Of course, it’s easy to deflect many of these criticisms. Call of Duty: WW2 has deliberately set out to tell a fabricated, Boy’s Own tale of heroism set against the backdrop of real events. And if fictionalisation equals trivialisation when it comes to historical matters, then COD simply joins a vast library of works, many highly praised, doing exactly the same. From The Great Escape to The Thin Red Line, Blackadder to The Pillars of the Earth, Wolf Hall to The Bible, storytellers emanating from all strands of art and entertainment have never been bashful about blurring facts with creative licence for their own advancement.

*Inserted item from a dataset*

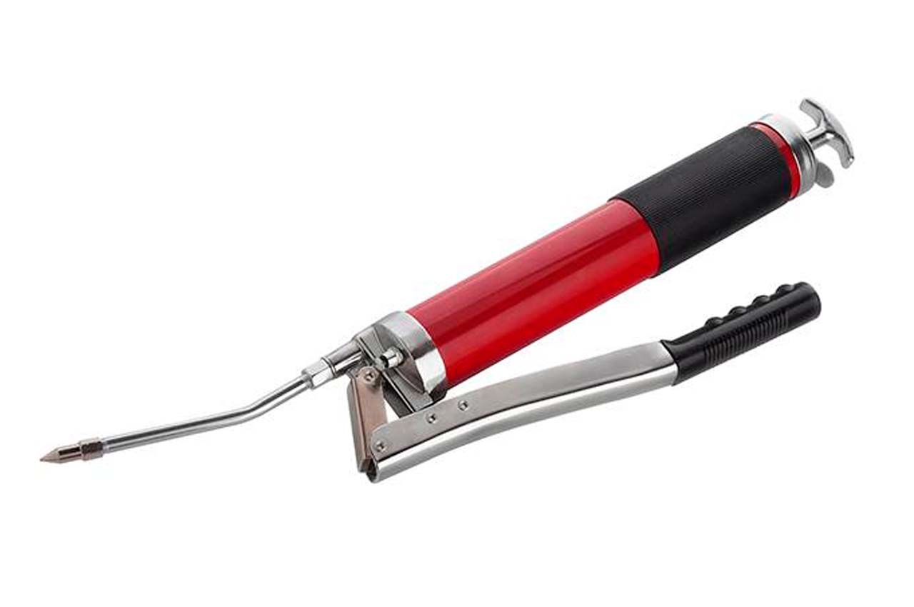 Шприц технический предназначен для внесения консистентной смазки в узлы и агрегаты. Используется для обслуживания карданного вала, подшипников шаровых опор, зубчатых передач. Рабочий объем шприца составляет 500 мл, он заполняется смазкой вручную, а также может использовать смазку в тубусах. Наличие в конструкции двух поршней увеличивает количество смазки в два раза, подаваемую за одну прокачку ручкой-рычагом, в результате процесс смазывания деталей вдвое ускоряется. Инструмент полностью изготовлен из металла с толстыми стенками, он прочен и долговечен, устойчив к коррозии благодаря порошковому покрытию.

Call of Duty hopes to prestige in the past.

The main indictment against COD: WW2, however, isn’t over what is or isn’t included, but the manner in which subjects are depicted. The Holocaust is addressed primarily via a short guided tour of a deserted concentration camp that takes nothing more than a passing glance at the true scale of the suffering. It’s little more than rubbernecking at a genocide site. The game briefly features a couple of women, but they’re highly stereotypical, wholly underdeveloped characters who reinforce the myth that the only female roles available during the World Wars were: desperate civilian; Land Girl; radio operator at HQ; nurse; enigmatic dark-haired French Resistance fighter; enigmatic blonde-haired Russian/German spy; sweetheart back home who has provided a faded black and white photo for brave man soldier to gaze at wistfully.

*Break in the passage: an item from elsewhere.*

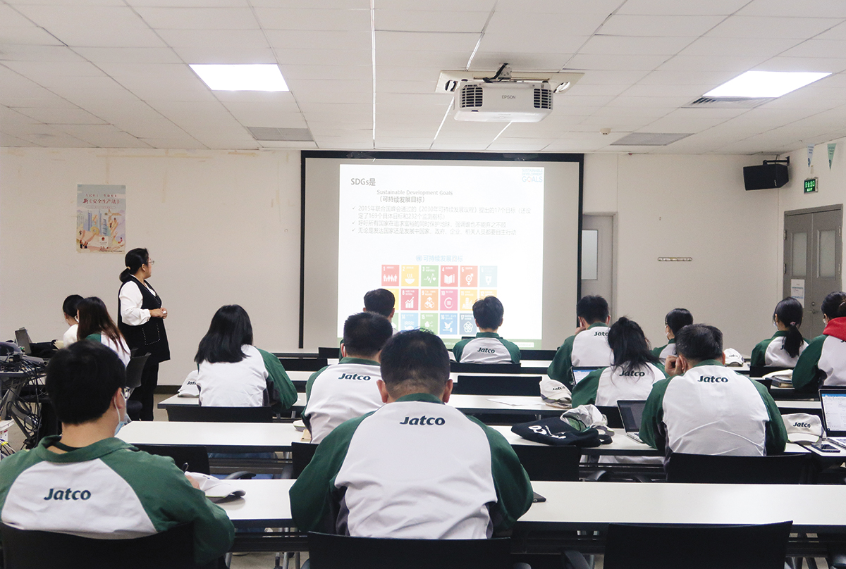 面向科長(zhǎng)以上人員的SDGs宣傳講座活動(dòng)于2022年1月26日在加特可廣州第二研修室召開。本次講座的講師由經(jīng)營(yíng)企劃室部長(zhǎng)吳英淑擔(dān)任,講座內(nèi)容主要分為SDGs篇及碳中和篇。

The campaign does see your unit link up with a black soldier, Corporal Howard, but the subplot surrounding him is a stunted, shallower version of the one belonging to the character John in the Homer’s Phobia episode of The Simpsons. The main differences are that COD has substituted in skin colour for sexuality and Nazis for homicidal reindeer. And the best line that encapsulates the sentiment behind both stories comes from the cartoon:

John: Homer, I won your respect, and all I had to do was save your life. Now, if every gay man could just do the same, you’d be set.

Even at its best, the writing in Call of Duty marches along in an extremely regimented, straightforward way that never wanders far from being clunky and clichéd. This, together with its factual flippancies and incessant and inherent glorification of violence may make COD seem an inappropriate forum for tackling serious subject matter. Yet, despite all this, I applaud the game’s makers for the risks they have taken attempting to include more difficult issues.

We’re getting to the point now where those who survived World War Two are leaving us on an increasingly frequent basis, and the impact of their first-hand accounts will quickly ebb away. Empathy erodes rapidly over time, and while I don’t want a small child perched on their grandfather’s knee listening to how he heroically stormed Omaha beach armed with only Duel Shock controller in his hands to be anyone’s primary point of historical reference, video games provide the potential for opportunities and experiences other media does not.

Games are an easy point of access for historical re-enactment capable of enriching settings and resurrecting the dead. Their interactive nature allows history to live and breathe again and their immersive qualities open up possibilities for granting unique insights.

As we move forward, it’s going to be up to generations who grew up playing games to preserve the history of war. Just because games like COD, Brothers in Arms and This War of Mine don’t do a perfect job, doesn’t mean we should stop trying. Does Call of Duty do justice to those who experienced WW2? No. Can anything? No. And surely the biggest injustice of all would be to ignore them completely. These are things too important to be made sacrosanct. This is hallowed ground that we should all continue to walk all over. We need to commit to the idea that video games have an important role to play in the future of the past.